> [DATA FOR PROCESSING]:
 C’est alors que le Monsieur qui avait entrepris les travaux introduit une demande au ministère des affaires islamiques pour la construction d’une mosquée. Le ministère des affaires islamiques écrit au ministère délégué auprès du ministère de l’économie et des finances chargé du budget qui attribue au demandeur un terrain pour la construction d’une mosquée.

---

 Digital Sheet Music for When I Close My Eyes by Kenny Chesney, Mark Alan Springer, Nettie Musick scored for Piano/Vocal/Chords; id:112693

...

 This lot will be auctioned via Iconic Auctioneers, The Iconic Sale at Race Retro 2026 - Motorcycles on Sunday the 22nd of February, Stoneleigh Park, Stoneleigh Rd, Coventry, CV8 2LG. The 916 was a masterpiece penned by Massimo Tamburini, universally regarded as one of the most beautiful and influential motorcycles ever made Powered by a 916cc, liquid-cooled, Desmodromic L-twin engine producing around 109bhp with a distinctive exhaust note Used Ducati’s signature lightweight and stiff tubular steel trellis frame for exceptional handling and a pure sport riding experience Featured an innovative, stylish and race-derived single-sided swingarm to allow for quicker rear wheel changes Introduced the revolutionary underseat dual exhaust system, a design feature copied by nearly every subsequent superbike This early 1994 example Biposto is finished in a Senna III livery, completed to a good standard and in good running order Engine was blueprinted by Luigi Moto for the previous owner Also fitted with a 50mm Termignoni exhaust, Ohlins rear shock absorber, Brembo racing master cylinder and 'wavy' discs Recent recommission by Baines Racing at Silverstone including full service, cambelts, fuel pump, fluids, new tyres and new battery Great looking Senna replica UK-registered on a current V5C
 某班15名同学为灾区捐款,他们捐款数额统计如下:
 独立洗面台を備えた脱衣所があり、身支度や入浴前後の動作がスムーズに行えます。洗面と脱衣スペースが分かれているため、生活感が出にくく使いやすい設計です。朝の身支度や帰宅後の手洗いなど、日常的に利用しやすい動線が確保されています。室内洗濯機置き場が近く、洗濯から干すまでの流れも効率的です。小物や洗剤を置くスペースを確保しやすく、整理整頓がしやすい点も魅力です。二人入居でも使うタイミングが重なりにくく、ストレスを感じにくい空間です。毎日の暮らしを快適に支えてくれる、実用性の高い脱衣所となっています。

> [WHAT YOU WILL DO]: Only the lines above starting with the one with "This lot will" and going through the one with "独立洗面台を備えた脱衣所があ" are to be copied, word for word and with both ends kept.

> [WRITTEN ANSWER]:
 This lot will be auctioned via Iconic Auctioneers, The Iconic Sale at Race Retro 2026 - Motorcycles on Sunday the 22nd of February, Stoneleigh Park, Stoneleigh Rd, Coventry, CV8 2LG. The 916 was a masterpiece penned by Massimo Tamburini, universally regarded as one of the most beautiful and influential motorcycles ever made Powered by a 916cc, liquid-cooled, Desmodromic L-twin engine producing around 109bhp with a distinctive exhaust note Used Ducati’s signature lightweight and stiff tubular steel trellis frame for exceptional handling and a pure sport riding experience Featured an innovative, stylish and race-derived single-sided swingarm to allow for quicker rear wheel changes Introduced the revolutionary underseat dual exhaust system, a design feature copied by nearly every subsequent superbike This early 1994 example Biposto is finished in a Senna III livery, completed to a good standard and in good running order Engine was blueprinted by Luigi Moto for the previous owner Also fitted with a 50mm Termignoni exhaust, Ohlins rear shock absorber, Brembo racing master cylinder and 'wavy' discs Recent recommission by Baines Racing at Silverstone including full service, cambelts, fuel pump, fluids, new tyres and new battery Great looking Senna replica UK-registered on a current V5C
 某班15名同学为灾区捐款,他们捐款数额统计如下:
 独立洗面台を備えた脱衣所があり、身支度や入浴前後の動作がスムーズに行えます。洗面と脱衣スペースが分かれているため、生活感が出にくく使いやすい設計です。朝の身支度や帰宅後の手洗いなど、日常的に利用しやすい動線が確保されています。室内洗濯機置き場が近く、洗濯から干すまでの流れも効率的です。小物や洗剤を置くスペースを確保しやすく、整理整頓がしやすい点も魅力です。二人入居でも使うタイミングが重なりにくく、ストレスを感じにくい空間です。毎日の暮らしを快適に支えてくれる、実用性の高い脱衣所となっています。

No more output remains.